### WORKING DATA
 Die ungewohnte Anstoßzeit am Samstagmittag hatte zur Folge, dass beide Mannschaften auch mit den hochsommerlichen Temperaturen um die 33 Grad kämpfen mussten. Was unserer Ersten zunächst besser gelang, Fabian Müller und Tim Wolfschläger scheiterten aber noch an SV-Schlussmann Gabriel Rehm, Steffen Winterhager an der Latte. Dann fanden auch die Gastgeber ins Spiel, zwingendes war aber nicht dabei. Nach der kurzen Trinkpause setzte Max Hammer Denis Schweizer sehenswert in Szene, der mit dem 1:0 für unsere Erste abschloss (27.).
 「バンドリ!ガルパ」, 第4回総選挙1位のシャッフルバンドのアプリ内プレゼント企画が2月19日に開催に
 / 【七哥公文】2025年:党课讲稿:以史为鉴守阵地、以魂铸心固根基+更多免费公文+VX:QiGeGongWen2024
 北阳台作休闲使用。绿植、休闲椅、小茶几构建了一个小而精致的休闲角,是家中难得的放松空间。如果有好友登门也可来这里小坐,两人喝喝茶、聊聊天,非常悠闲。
==
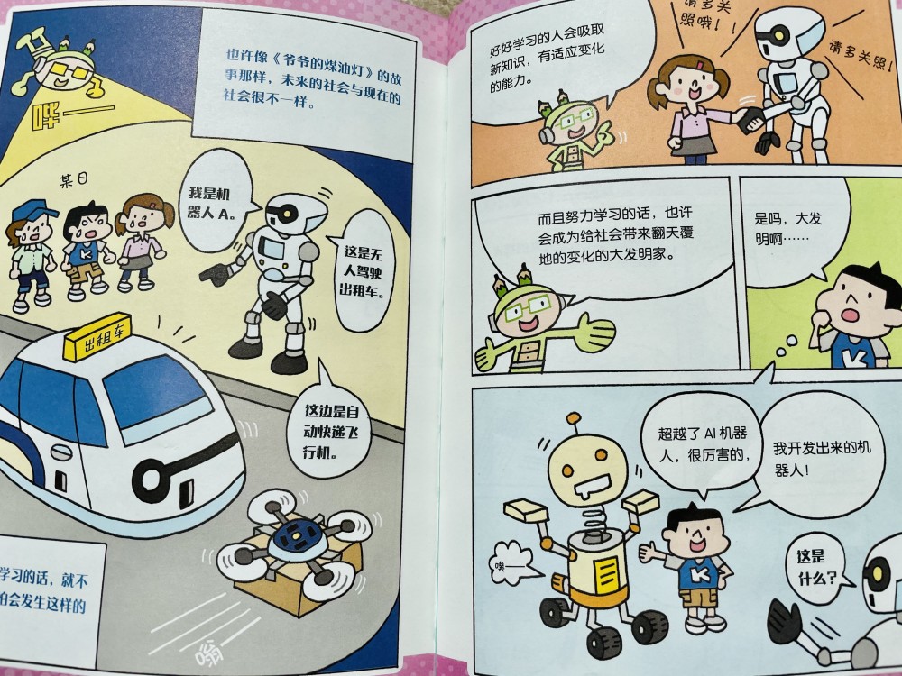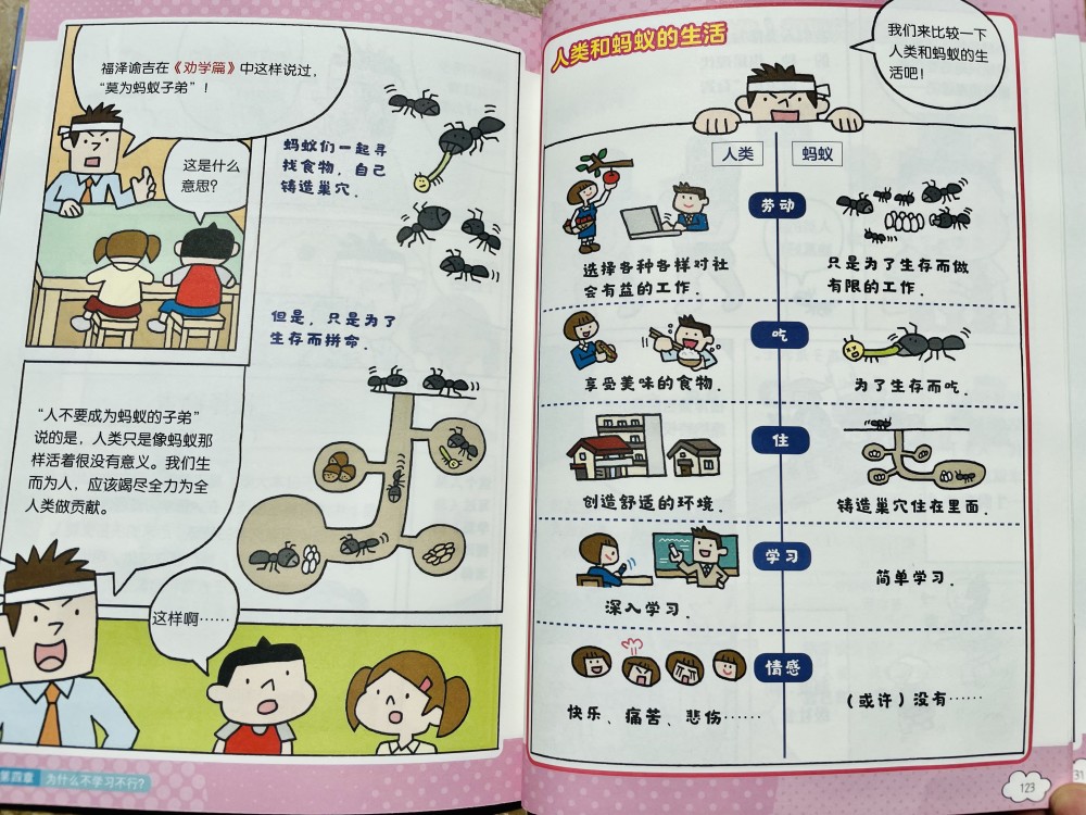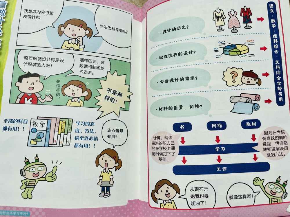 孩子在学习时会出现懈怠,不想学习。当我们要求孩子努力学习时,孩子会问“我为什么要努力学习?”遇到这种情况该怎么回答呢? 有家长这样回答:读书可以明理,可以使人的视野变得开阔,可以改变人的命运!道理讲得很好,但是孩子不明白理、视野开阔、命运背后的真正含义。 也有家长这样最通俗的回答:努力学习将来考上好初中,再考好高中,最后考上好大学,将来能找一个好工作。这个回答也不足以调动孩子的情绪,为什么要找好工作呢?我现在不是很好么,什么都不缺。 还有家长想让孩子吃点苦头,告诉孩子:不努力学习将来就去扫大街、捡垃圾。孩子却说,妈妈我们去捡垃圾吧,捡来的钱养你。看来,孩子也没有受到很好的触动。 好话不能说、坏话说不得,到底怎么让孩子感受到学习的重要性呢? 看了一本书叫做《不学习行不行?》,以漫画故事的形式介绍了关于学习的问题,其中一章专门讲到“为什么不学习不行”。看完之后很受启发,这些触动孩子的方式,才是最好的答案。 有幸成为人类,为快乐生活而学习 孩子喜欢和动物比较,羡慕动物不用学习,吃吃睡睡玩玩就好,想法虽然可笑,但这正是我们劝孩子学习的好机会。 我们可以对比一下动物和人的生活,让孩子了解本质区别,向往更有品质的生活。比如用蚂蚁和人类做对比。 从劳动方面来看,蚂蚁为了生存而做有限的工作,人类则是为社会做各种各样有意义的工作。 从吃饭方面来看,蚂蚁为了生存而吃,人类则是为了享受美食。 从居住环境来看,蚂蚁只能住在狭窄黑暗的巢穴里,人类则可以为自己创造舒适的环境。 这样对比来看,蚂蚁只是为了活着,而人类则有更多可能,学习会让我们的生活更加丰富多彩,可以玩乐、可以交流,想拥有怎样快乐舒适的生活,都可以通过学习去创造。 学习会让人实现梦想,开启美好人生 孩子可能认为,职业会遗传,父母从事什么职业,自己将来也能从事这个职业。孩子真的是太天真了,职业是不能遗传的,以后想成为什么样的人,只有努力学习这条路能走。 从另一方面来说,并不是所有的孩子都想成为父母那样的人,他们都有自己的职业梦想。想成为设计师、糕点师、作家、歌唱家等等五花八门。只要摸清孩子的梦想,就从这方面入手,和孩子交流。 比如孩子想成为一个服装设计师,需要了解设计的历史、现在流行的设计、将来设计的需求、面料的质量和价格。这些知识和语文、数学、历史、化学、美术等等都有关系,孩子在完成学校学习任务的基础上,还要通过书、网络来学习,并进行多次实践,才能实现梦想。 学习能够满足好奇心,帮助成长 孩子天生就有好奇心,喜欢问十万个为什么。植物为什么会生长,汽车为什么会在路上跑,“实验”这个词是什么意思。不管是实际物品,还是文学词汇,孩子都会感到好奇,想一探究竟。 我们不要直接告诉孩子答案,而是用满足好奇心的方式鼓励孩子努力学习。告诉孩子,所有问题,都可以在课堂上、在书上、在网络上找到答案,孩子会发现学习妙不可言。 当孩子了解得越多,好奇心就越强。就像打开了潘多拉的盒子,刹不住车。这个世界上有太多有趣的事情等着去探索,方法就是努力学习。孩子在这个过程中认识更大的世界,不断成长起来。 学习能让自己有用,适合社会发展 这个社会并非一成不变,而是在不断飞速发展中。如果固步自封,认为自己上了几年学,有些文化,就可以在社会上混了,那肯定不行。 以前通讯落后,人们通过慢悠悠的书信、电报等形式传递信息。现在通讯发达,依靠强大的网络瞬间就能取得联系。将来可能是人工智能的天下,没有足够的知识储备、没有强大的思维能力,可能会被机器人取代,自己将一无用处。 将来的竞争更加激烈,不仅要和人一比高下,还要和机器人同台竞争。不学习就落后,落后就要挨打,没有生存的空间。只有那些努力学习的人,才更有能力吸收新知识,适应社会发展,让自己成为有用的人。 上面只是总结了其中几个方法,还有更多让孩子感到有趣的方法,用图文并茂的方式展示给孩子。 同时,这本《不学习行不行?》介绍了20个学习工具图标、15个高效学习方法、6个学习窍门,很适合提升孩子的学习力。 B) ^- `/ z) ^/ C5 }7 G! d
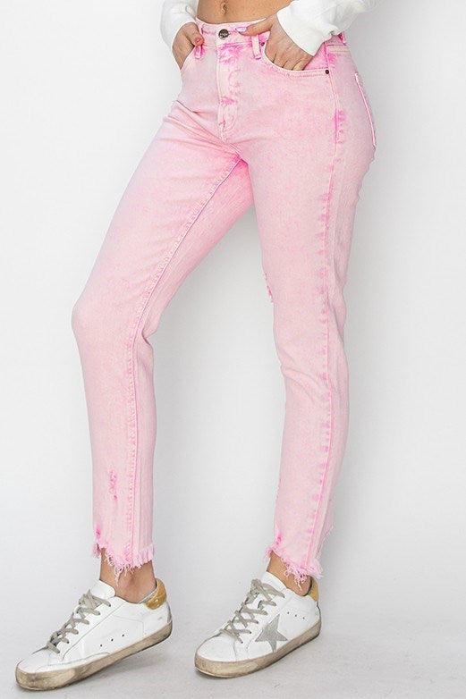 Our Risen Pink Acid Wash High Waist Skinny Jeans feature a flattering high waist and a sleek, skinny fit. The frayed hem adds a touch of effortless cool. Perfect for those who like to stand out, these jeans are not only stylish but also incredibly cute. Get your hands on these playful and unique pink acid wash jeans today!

### WHAT YOU WILL DO
Please reproduce, exactly as they appear above, the lines from the line containing "Die ungewohnte Anstoßzeit" up to and including the line containing "北阳台作休闲使用。绿植、休闲".

### RESPONSE TO THIS EXERCISE
 Die ungewohnte Anstoßzeit am Samstagmittag hatte zur Folge, dass beide Mannschaften auch mit den hochsommerlichen Temperaturen um die 33 Grad kämpfen mussten. Was unserer Ersten zunächst besser gelang, Fabian Müller und Tim Wolfschläger scheiterten aber noch an SV-Schlussmann Gabriel Rehm, Steffen Winterhager an der Latte. Dann fanden auch die Gastgeber ins Spiel, zwingendes war aber nicht dabei. Nach der kurzen Trinkpause setzte Max Hammer Denis Schweizer sehenswert in Szene, der mit dem 1:0 für unsere Erste abschloss (27.).
 「バンドリ!ガルパ」, 第4回総選挙1位のシャッフルバンドのアプリ内プレゼント企画が2月19日に開催に
 / 【七哥公文】2025年:党课讲稿:以史为鉴守阵地、以魂铸心固根基+更多免费公文+VX:QiGeGongWen2024
 北阳台作休闲使用。绿植、休闲椅、小茶几构建了一个小而精致的休闲角,是家中难得的放松空间。如果有好友登门也可来这里小坐,两人喝喝茶、聊聊天,非常悠闲。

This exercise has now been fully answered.